START Material for this exercise
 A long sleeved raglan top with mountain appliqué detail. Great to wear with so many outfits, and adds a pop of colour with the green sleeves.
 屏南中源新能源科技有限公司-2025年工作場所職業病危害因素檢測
END Material for this exercise
START Material for this exercise
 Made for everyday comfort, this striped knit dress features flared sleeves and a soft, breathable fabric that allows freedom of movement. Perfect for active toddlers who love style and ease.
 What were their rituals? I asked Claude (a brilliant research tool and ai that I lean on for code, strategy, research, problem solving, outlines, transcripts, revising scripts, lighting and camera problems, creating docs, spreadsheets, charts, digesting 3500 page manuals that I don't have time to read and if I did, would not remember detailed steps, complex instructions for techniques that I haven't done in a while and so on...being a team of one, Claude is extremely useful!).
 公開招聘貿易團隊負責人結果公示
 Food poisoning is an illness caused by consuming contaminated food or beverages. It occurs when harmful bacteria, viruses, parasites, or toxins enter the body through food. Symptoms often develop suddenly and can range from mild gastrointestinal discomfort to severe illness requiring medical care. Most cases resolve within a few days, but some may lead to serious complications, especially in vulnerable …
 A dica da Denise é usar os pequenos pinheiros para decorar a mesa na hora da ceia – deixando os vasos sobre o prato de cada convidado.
END Material for this exercise
Exercise → As listed above, the lines from the line with "A long sleeved" to the line with "屏南中源新能源科技有限公司-2025年工作場所職業病危害因素檢測" are to be echoed exactly, with both ends included and nothing added.

Expected answer →
 A long sleeved raglan top with mountain appliqué detail. Great to wear with so many outfits, and adds a pop of colour with the green sleeves.
 屏南中源新能源科技有限公司-2025年工作場所職業病危害因素檢測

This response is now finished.